Convolutional Neural Networks

The lecture slides are available here.

The goals of this session are to practice with **implementing a Convolutional Neural Network**, **understanding the involved computations**, and more generally, to **build a full Deep Learning pipeline in PyTorch** to train a model on a given dataset. Some parts of this course are inspired from this great Pytorch Tutorial

We will be coding with **Python3** and will use the **Pytorch** library.

To install Pytorch on your local machine, follow this link

Convolutional Neural networks (CNNs) are powerful neural models that take advantage of the convolution operator to learn to extract information from raw images. You can refer to your lecture for more information about CNNs, as well as many great online resources.

Why would we want to use a CNN when dealing with images? We could also use a simpler Multi-Layer Perceptron (MLP), where each neuron in a layer aggregates information from all neurons in the previous layer.

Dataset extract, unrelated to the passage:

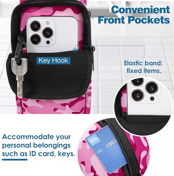 - 2 POCKETS: The small zipper pocket is for cash and card, the large zipper pocket is for smartphone, keys, and other essentials. When you go out, you just need to bring this water bottle bag, no need to carry the bag to hold these small items.
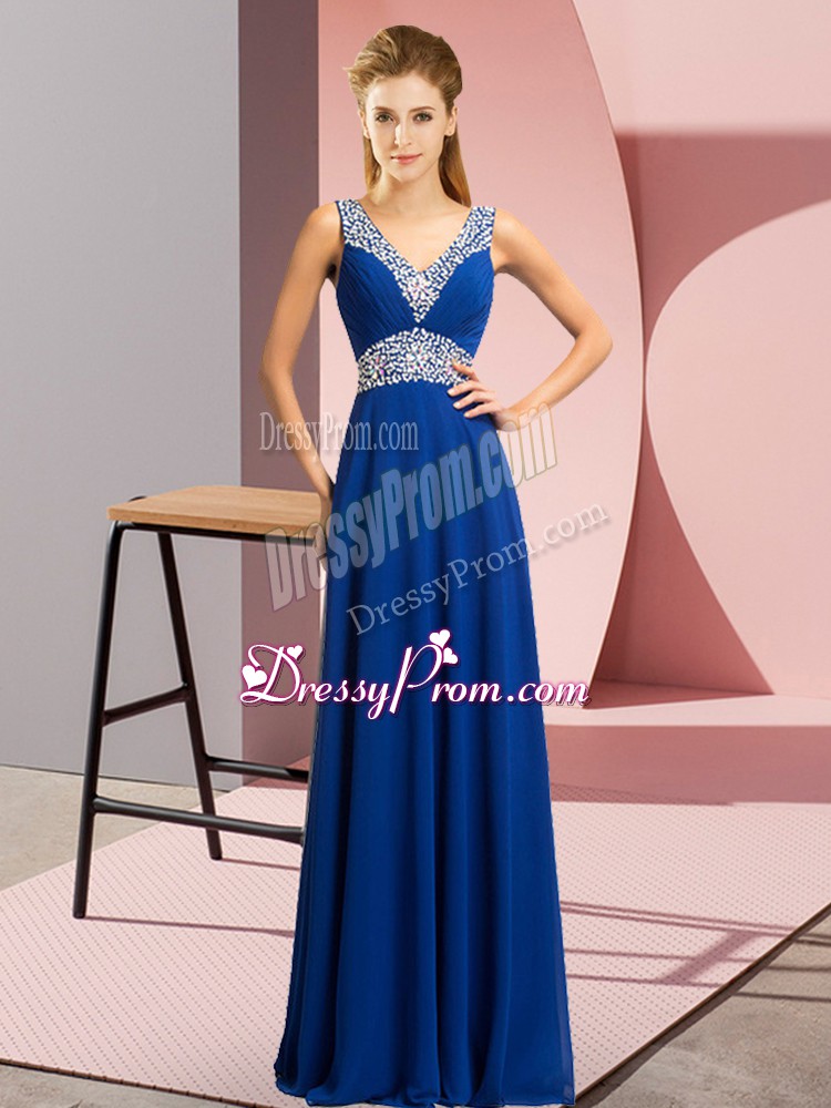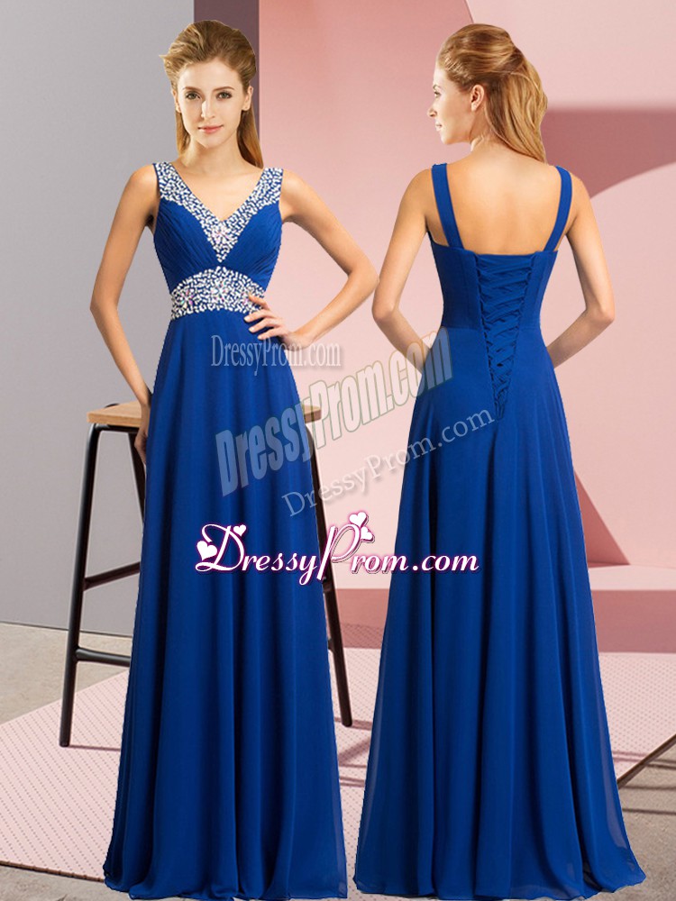 Neckline : V-neckShown Color : Royal BlueSilhouette : EmpireSleeve Length : sleevelessHemline : floor lengthBack Detail : Lace upFabric : ChiffonEmbellishment : BeadingOccasion : Prom,PartySeason : Spring,Summer,Fall,Winter

An important notion in Machine Learning is known as **inductive bias** or **model prior**. This corresponds to the prior knowledge you, as a designer, incorporate in the model you are building.

Take some time to think about what is the prior knowledge incorporated into a CNN, that is not in an MLP.

The assumption that data has a spatial underlying structure, known as **Spatial Inductive Bias** is used in CNNs. Indeed, the convolution operation aggregates information from only the local spatial neighborood around the center of the filter. Models equipped with such inductive bias are particularly well suited to extract information from the pixels of an image.

The CIFAR-10 dataset is a well-known dataset of RGB images. It is composed of **60000 32x32 colour images** labelled as belonging to one of **10 classes**. You can find **6000 images per class**. There are **50000 training images** and **10000 test images**. If you are looking for a dataset with more classes, you can look at CIFAR-100 that, as indicated by its name, contains 100 semantic classes.

The following Pytorch code takes advantage of **torchvision**. It allows you to create 3 datasets (train, val, test) and to apply a normalization to the images. The names of the 10 classes in the CIFAR-10 dataset are also given for you to use later.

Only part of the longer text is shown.